3.2.4 Quality control

In addition to standard quality control materials supplied by manufacturers, each laboratory will prepare multiple commutable specimens (mini-panel) for QC monitoring. The desirable limits of bias should be specified beforehand. The desirable limits for between- and within-day CV are set as 1/2 of CV_I (within-individual CV listed in the Westgard website:www.westgard.com/biodatabase1.htm).

3.2.5 Standardization of assays

To ensure essential traceability of test results, internationally qualified standards or CRMs should be measured for the standardized analytes.
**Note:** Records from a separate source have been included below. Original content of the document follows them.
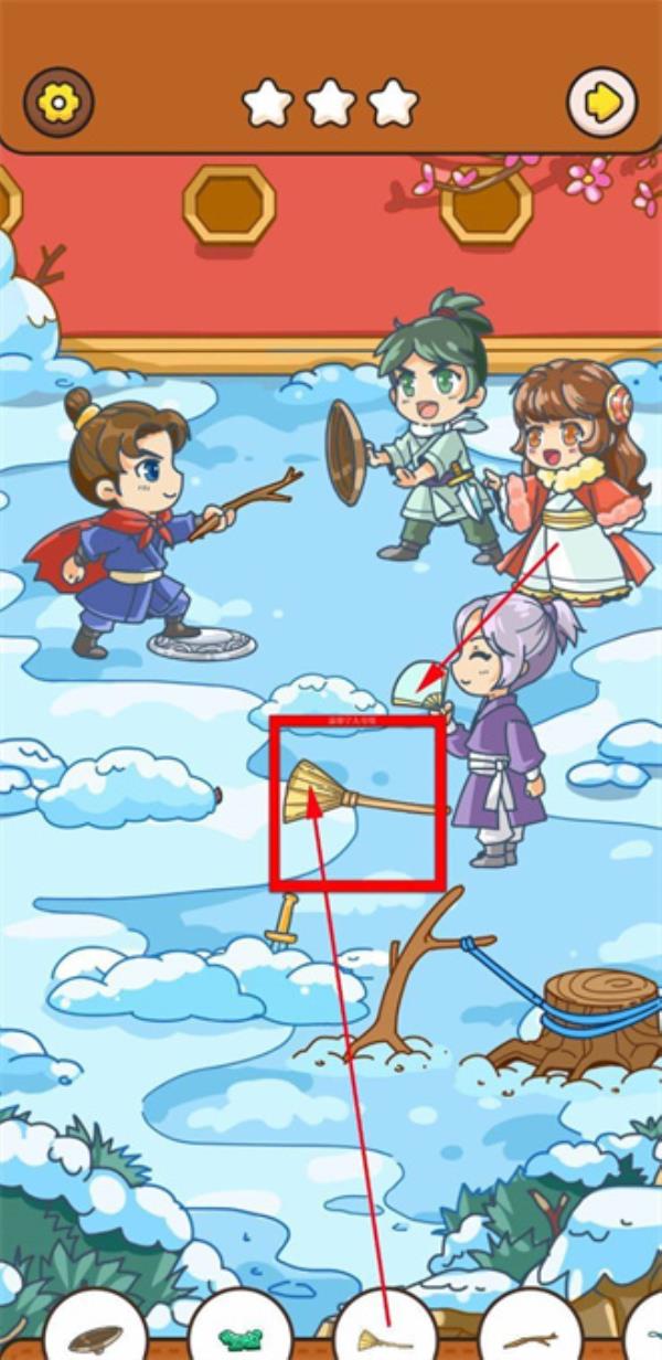 1、拖动女王的扇子给拿扫帚的军师,扫把会掉在地上。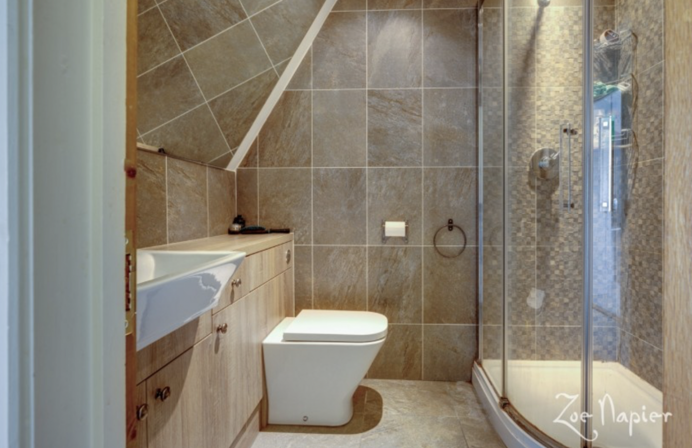 The first bathroom has a heritage-style suite with bath, sink and toilet. The shower room, further along the hall, has a modern suite and a corner shower. The two bedrooms at the rear have views to the stables and paddocks, with fitted wardrobes to both and an en-suite to one.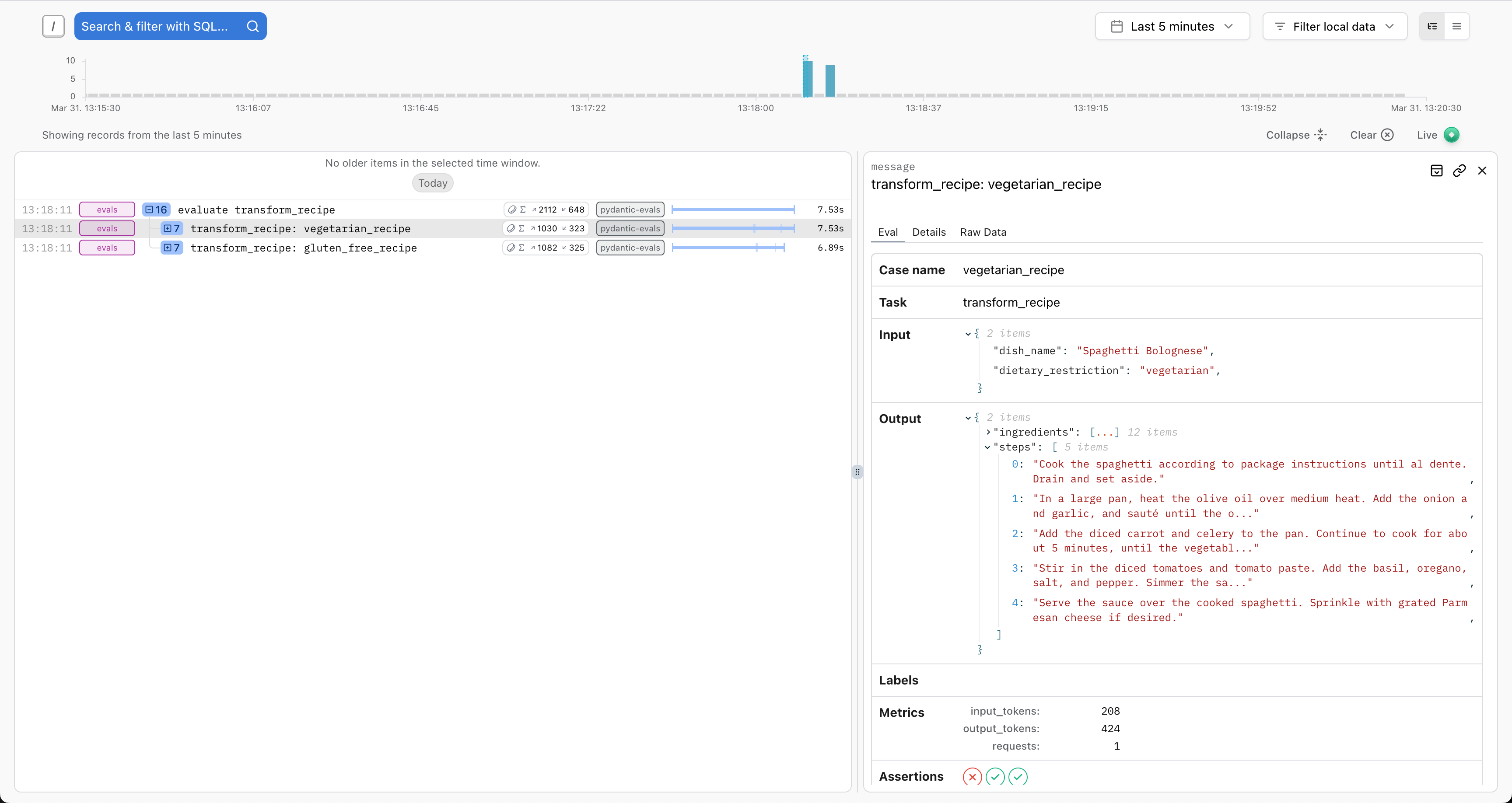 Logfire has some special integration with Pydantic Evals traces, including a table view of the evaluation results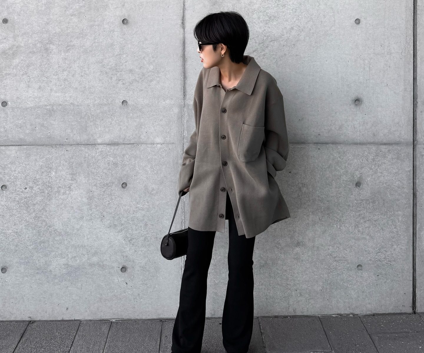 カジュアルすぎず、きれいめな印象もキープしたい大人の冬スタイルに、mi___.5さんはユニクロのメンズアイテムを取り入れた絶妙なバランスを提案しています。主役は「ミラノリブシャツカーディガン」値下げで2,990円(158cmでサイズ3XL着用)です。あえて大胆なビッグサイズを選ぶことで、体が泳ぐようなゆとりが生まれ、かえって華奢で洗練されたムードを醸し出しています。襟付きのデザインなので、スウェットよりも端正な表情に見えるのが40代にうれしいポイント。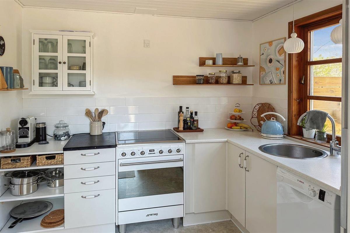 De keuken is uitgerust met koelkast Er is 4 elektrische kookplaten, bakoven en vaatwasser.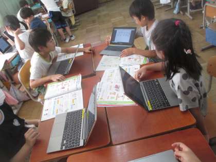 そして、見つけた音を同じ班の友だちに紹介しました。次回は、見つけた音を組み合わせて、音楽を作っていきます。どんな音楽が出来上がるか、楽しみです!!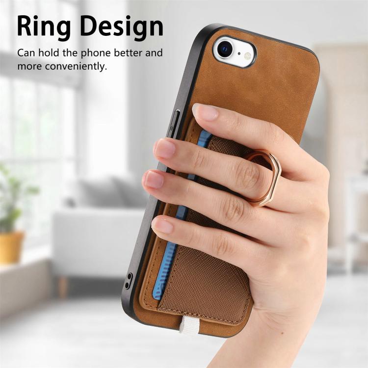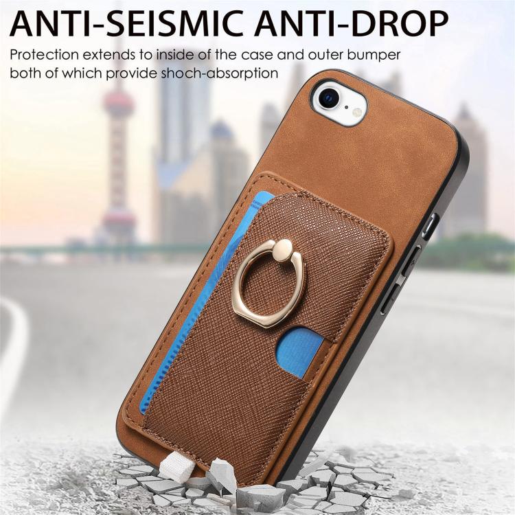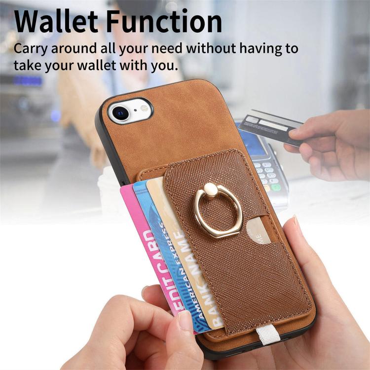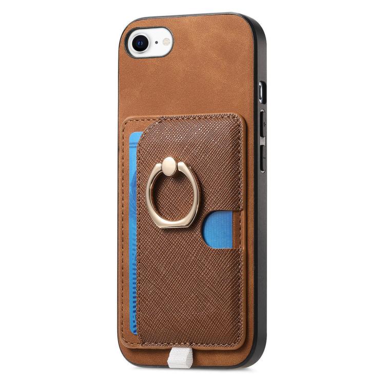 Funda para iPhone 7/8/Se 2022 con Ranuras para Tarjetas Diseño Retro Cruz Anillo Lateral (Marrón)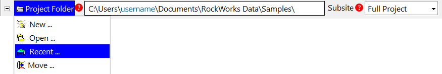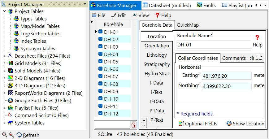 - 各種テーブルと RockWorks ファイルのリストを含む Project Manager タブ、ボーリング孔データの入力と表示を行う Borehole Manager タブ、データシートにデータを入力して表示を行う Datasheet タブ、断層データをインポートして表示する Faults タブ、複数の操作を自動化する Playlist タブが用意されています。説明ビデオを表示する Videos タブ、プログラムの操作ログを表示する Execution History タブもここあります。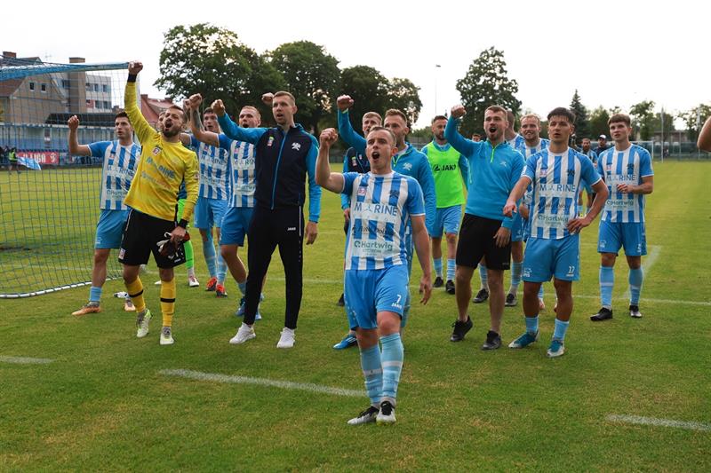 III-ligowy mecz w Stargardzie rozpoczął się od ataków podopiecznych trenera Piotra Klepczarka, którzy po kilku gorących podbramkowych sytuacjach, szybko uzyskali prowadzenie, a później mecz się wyrównał. Początek drugiej połowy także należał do szczecinian, ale później zawodnicy trenera Jarosława Piskorza z determinacją zaczęli dążyć do wyrównania i mecz się otworzył, ale także zaostrzył, stąd jak na derby przystało, było sporo żółtych kartek (dwie otrzymał Jakub Kuzko i od 83. minuty gospodarze grali w liczebnej przewadze). Oglądaliśmy sporo podbramkowych sytuacji w wykonaniu obu zespołów, stargardzian uratowała poprzeczka, a szczecinian - słupek. W końcówce goście grali na czas i zdołali utrzymać skromne prowadzenie.©℗ (mij)

3.2.6 Cross-comparison of values

A panel of sera composed of 40 sera prepared from healthy individuals should be divided into at least four aliquots each, to be tested on different days in order to determine between-day variation of the test results. The between-day variation of test results should also be monitored by the QC specimens and recorded.

3.3.1 Data analysis

3.3.2 Report of test results

Only after all the specimens have been analyzed and the RIs have been derived should the test results be returned to the volunteers. A sheet with a given participant’s printed test results should be sealed in an envelope with the ID label on the outside. The local representative should be asked to give this to the corresponding individual by referring to the name from the informed consent form with the same ID number. Each individual’s test results and the newly-derived, country-specific RIs will be reported to the volunteers after all the measurements in each country have been completed, together with an explanatory sheet for the interpretation of the test results.